‘Venezuela to stay on Chavez’s course no matter who next president is’

Venezuela will remain on the course set by the late Hugo Chavez, even if his anointed successor Nicolas Maduro fails at the presidential election, Professor of Latin American Studies Miguel Tinker Salas told RT.

Chavez passed away on March 5, losing a lengthy cancer battle, with those nations depending on Venezuela’s oil supplies and the US, which always opposed his regime, keenly watching how the event will unfold next.

But Tinker Salas told RT the breakthroughs in Latin America have been so fundamental in the last decade that one shouldn’t expect drastic changes in the policies in Venezuela or the continent as a whole.

RT: Venezuela's oil reserves are vast, but production is falling, what's your take on the future of its oil industry?

MTS: Venezuela, actually, has a lot more than 297 billion barrels [of oil]. It has proven reserves and exploitable reserves of 500 billion barrels – far surpassing Saudi Arabia. In fact, oil production has remained pretty constant. It’s right now between 2.9 to 3 million barrels a day. Significant to that is the fact that it used to sell the majority of its oil to the US – and today it sells a million barrels to the US, but 600 barrels to China as well.

I think that with the vast reserves, Venezuela is a key player in the international oil market. And the question of increasing production really has to do with how to gauge how much oil Venezuela should produce. The stated policy is try to produce about 5 million barrels a day, but again market pressures and the price of oil also sustains current development with 3.5 million barrels a day. So again, there has to be a transformation of the industry and its expansion of the industry to reach the 5 million barrels, which is the stated goal of the national oil company.

RT: With the death of such a charismatic leader what will happen to the ‘Bolivarian Movement’ in Latin America?

MTS: I don’t think it’s necessarily the charismatic leader. Chavez sure begins the process, but the process really is one of discontent with the political, social and economic policies that have been adopted in the 1980s and ’90s under what was called the Washington Consensus. When Chavez first takes the national state and the international stage in 1998, he was a lone voice. By 2002 you had [Luiz Inácio] Lula in Brazil, the Kirchner's in Argentina, Evo Morales in Bolivia, [Rafael] Correa in Ecuador, Tabare Vazquez in Uruguay – and the entire South American continent had turned from neo-liberal  economic policy towards opposition largely to this policies and to the inclusion of those who have been excluded historically from the national narrative.

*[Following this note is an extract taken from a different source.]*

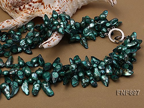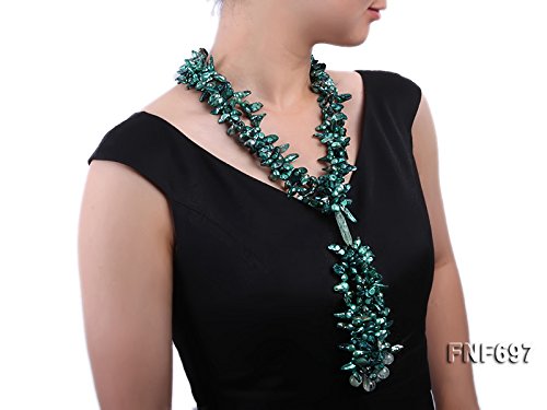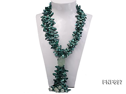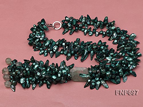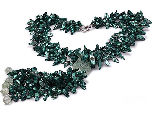 Description *This is a pretty three-strand necklace, set with 10x19mm glaucous tooth-shaped freshwater pearls, 12mm watermelon crystals and a big beautiful 21x28mm watermelon crystal in the middle.

So we saw a dramatic transformation, and within Latin America there’s new leadership. It doesn’t depend simply on Chavez. We have institutions like the ECLAC, the Community of Latin American and Caribbean Nations, the UNASUR, the Union of South American Nations, the ALBA, the Bolivarian Alliance for the Americas – there are now institutions, which have an independent leadership that were sparked initially by Hugo Chavez and the proposal for regional integration, but today are significant on their own.

And in addition to that we have a tremendous amount of South-South relationships between South American and Africa, Latin America and Middle East countries as well. So in many ways the political landscape has been transformed in the last 14 years.

RT: Chavez pursued a policy of supplying allies like Cuba with cheap oil. Is the next leadership likely to continue with that? What would be the impact on those economies without cheap crude supplies?

MTS: It’s not just Cuba, under Petrocaribe [oil alliance] oil is supplied to with long-term credit rates to the Dominican Republic, to Haiti, to Cuba, to Nicaragua, to El Salvador and that really builds on what Venezuela had done in the 1970s with Mexico when the international oil crisis hit with the accords of San Jose.

So it builds on past policy and also creates new spaces. And I think that if the leader that is elected is [Nicolas] Maduro we’ll see the continuity. And even if Maduro isn’t elected, I think, that there will be real difficulty on the part of the new president to alter this relationships that have integrated Venezuela so closely with the region. There’s also Petrosur, which is an arrangement with South American Nations to promote oil and energy in the region.

RT: The US was hostile to Hugo Chavez – what is likely to be Washington's next step?

MTS: I think that Washington will advise to not get into Venezuela. The least they can say at this point the better. This is a process where you are going to see very heated election. And any intervention on the part of the US – even a misstep on Obama – would be taken as hostility towards Venezuela and would play into the election in Venezuela in this context. But after the election of a new president, I think that there are good conditions for an effort to reestablish relationships.

But I think we should understand that it’s not just Venezuela that has had difficulties with Washington. Also Ecuador has no ambassador from the US; Bolivia has no ambassador for the US. And the WikiLeaks reports really indicate how the US attempted to play country against country in Latin America and have really provided a revealing look on the US foreign policy, and how little it has changed either from Bush or Obama.